**TASK PROMPT**
Nothing should appear in the answer except the lines from the one with "Inside, grand proportions" through the end of the listing below, transcribed exactly and without pictures.

**GIVEN DATA**
Content starts
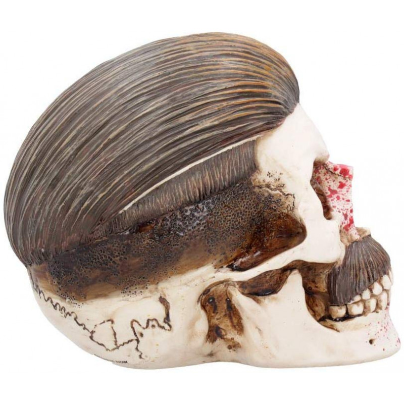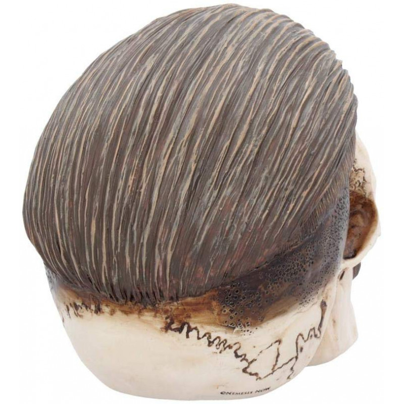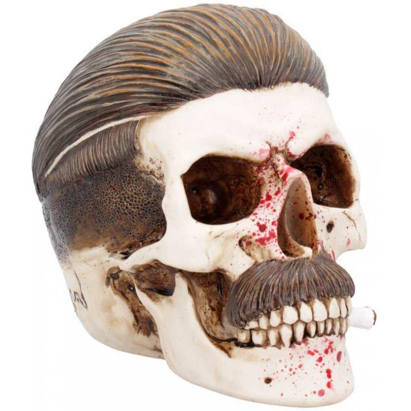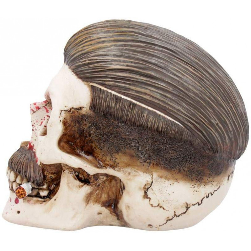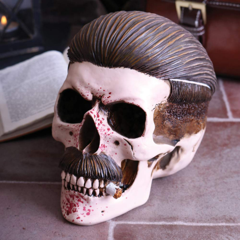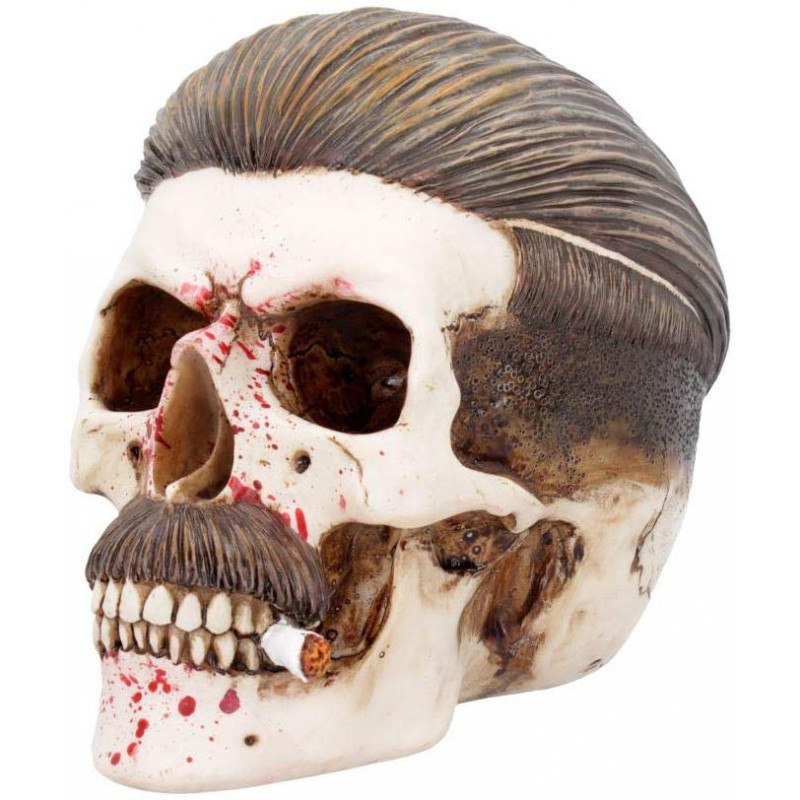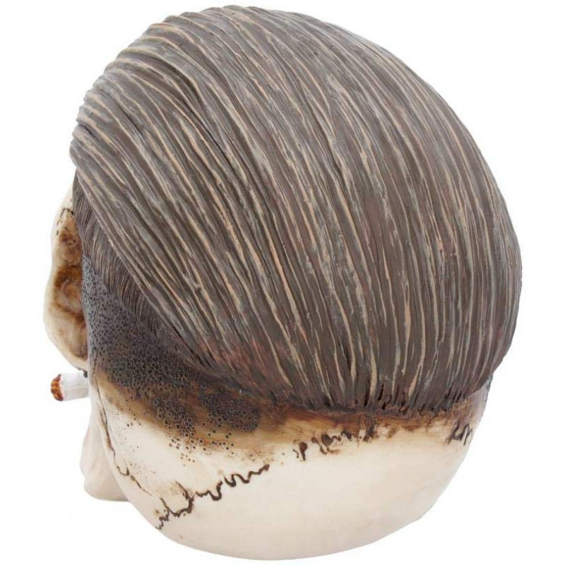 C'est un morceau plein de détails, conçu et fabriqué par la prestigieuse firme de Nemesis, dans la résine de la meilleure qualité, peinte à la main avec soin, y compris ses éclaboussures de sang. Ce crâne mesure environ 18 cm environ, et a un très esthétique particulière, avec la cigarette dans la bouche, les cheveux lissés vers l'arrière et une expression de mauvaise puces tourmenté Arthur Shelby nous avons eu acostrumbrados à voir dans la superbe série britannique Peaky Oeillères
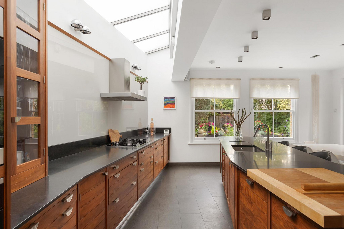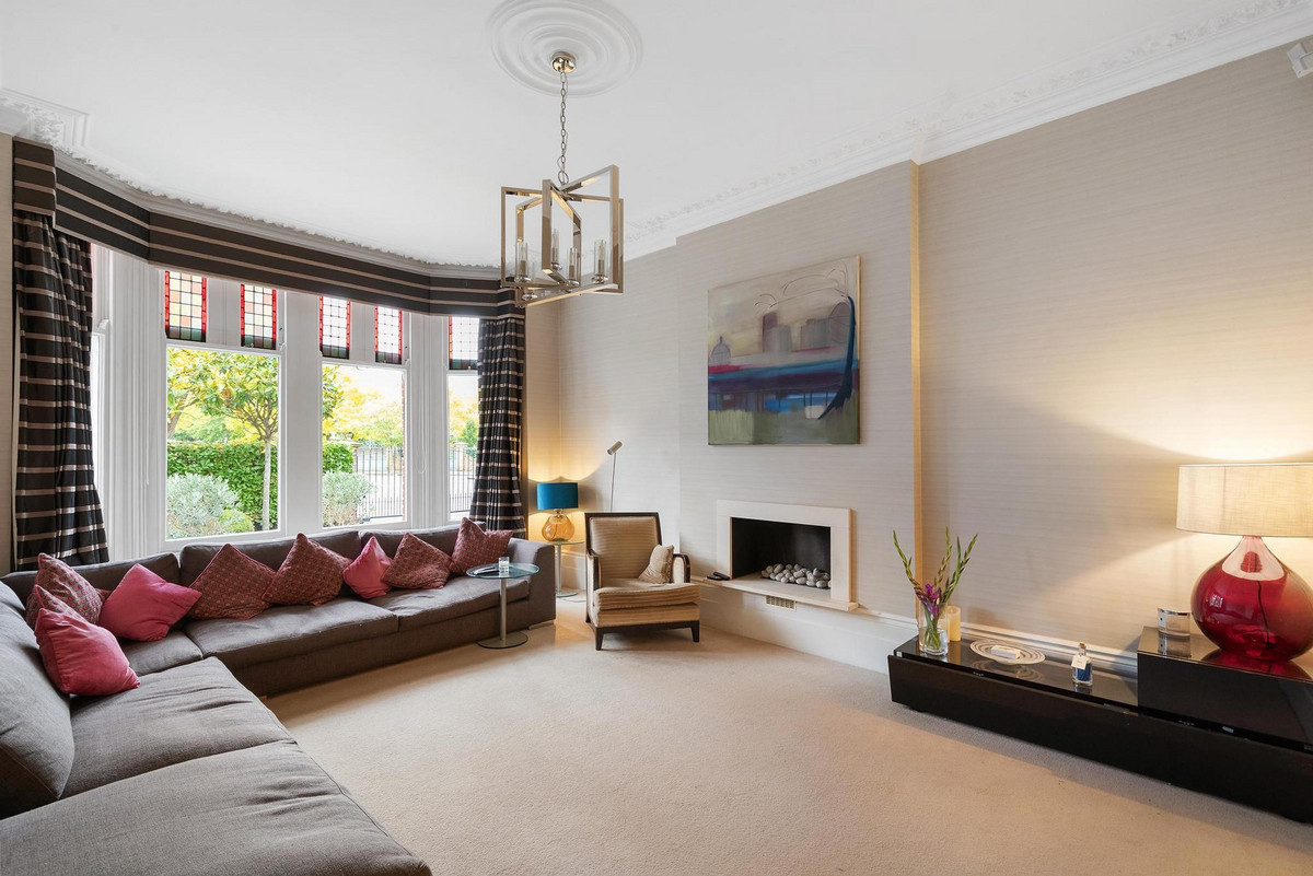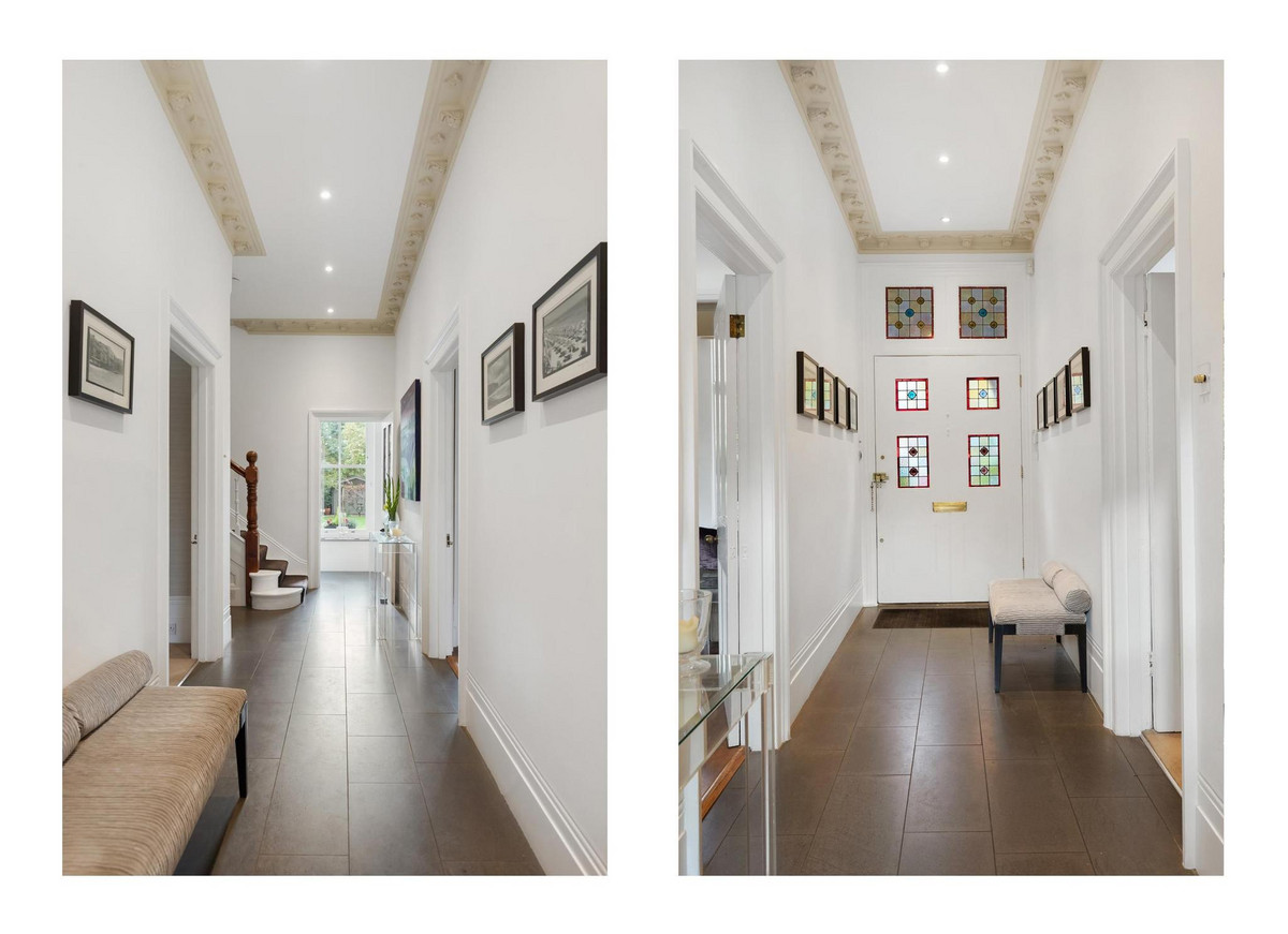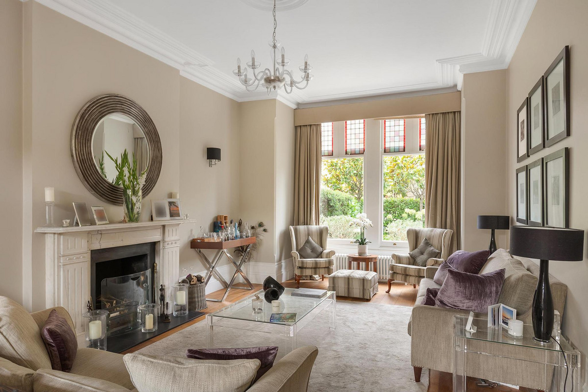 Inside, grand proportions and lovingly preserved original features are immediately apparent. The spacious, double-aspect reception rooms feature high ceilings, bay windows, original fireplaces, and cornicing, creating elegant spaces for both family living and entertaining, with French doors leading directly to the garden.
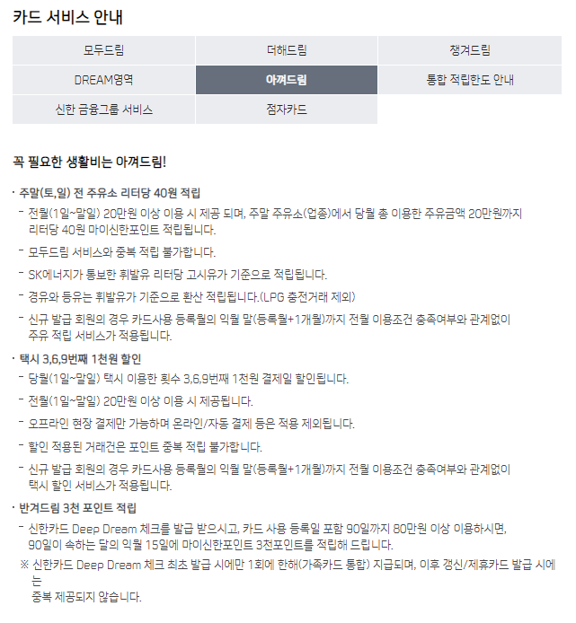 | 기본 : 신한 딥 드림 체크 카드 - 연회비 없다. 전월 실적 없다. |
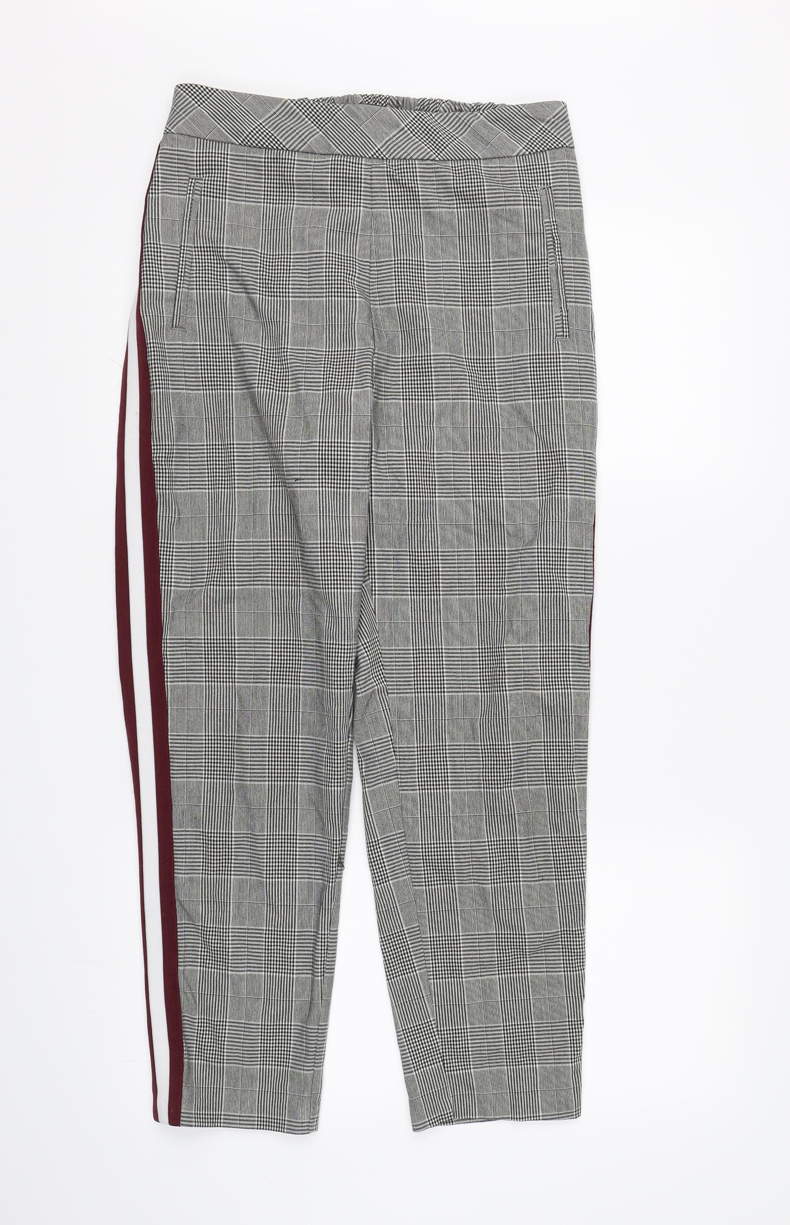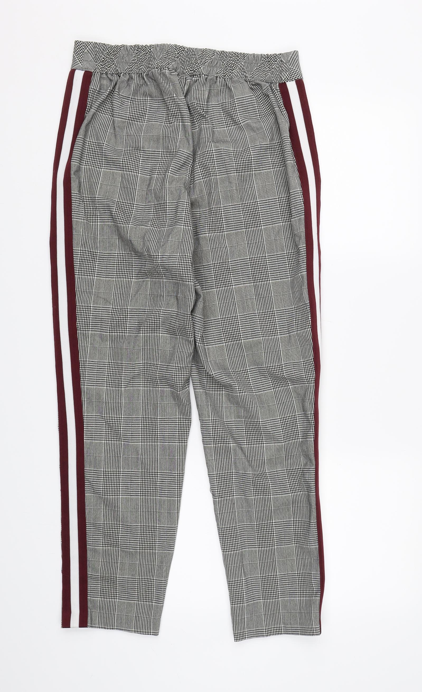 F&F Womens Grey Check Rayon Trousers Size 10 L26 in
Content ends
**RESULT OF THE EXERCISE**
 Inside, grand proportions and lovingly preserved original features are immediately apparent. The spacious, double-aspect reception rooms feature high ceilings, bay windows, original fireplaces, and cornicing, creating elegant spaces for both family living and entertaining, with French doors leading directly to the garden.
 | 기본 : 신한 딥 드림 체크 카드 - 연회비 없다. 전월 실적 없다. |
 F&F Womens Grey Check Rayon Trousers Size 10 L26 in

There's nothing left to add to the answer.